On 29/01/2011 12:39 PM, John F. Sowa wrote:
> On 1/29/2011 12:03 PM, Pavithra wrote:
>> "With Ontology say the same thing, mean the same thing, process the same
>> thing, everywhere"
>>
>> "Ontology enables semantic interoperability by presenting information
>> consistently across organizations and domains and machines"
> Both of those statements require a huge amount of qualification.
> As stated, they are false.
+1
> For many purposes, a highly underspecified definition is essential
> for interoperability. Names, addresses, and telephone numbers,
> for example, do not require a detailed specification of
the
> nature of human beings, geography, or communication systems.
>
> Different applications may require radically different amounts
> of detail and formats for totally different purposes.
>
> For example, consider medical records, educational records,
> employment records, financial records, purchasing records,
> and Facebook sites for the same person.

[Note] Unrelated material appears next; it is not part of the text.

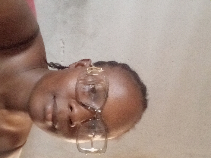 The image depicts a close-up portrait of an individual, identified as located in Sabon Tasha, Nigeria. The subject is an adult female with dark skin and dark, braided hair styled off her face. She is wearing large, rectangular-framed eyeglasses with translucent light brown frames and a visible gold-colored F-shaped emblem on the left temple arm. Her eyes are directed towards the viewer, and her expression is neutral. She appears to be wearing a dark, possibly strappy, garment, with a glimpse of a shoulder visible on the left. The background consists of a plain, light-colored wall with minor textural variations and faint marks, indicative of an indoor environment. No other individuals or objects are discernible.

You definitely do
> *not* want the same kind of information specified in the
> same way in all of them.
>
You are also never going to get agreement between all of the software
vendors and industry standards groups about what describes a person.
Too much of the discussion here seems to presume that we are going back
to the 1950s and 1960s were companies each built their own business
systems from scratch.
In the modern world, companies assemble a custom information structure
using software packages that
come from several vendors.
If - BIG "if" - the world adopts ontology as the basis for future
generations of systems, then companies are going to have deal with many
ontologies that have some level of compatibility and some adapters that
allow concepts and information to flow from one to the other.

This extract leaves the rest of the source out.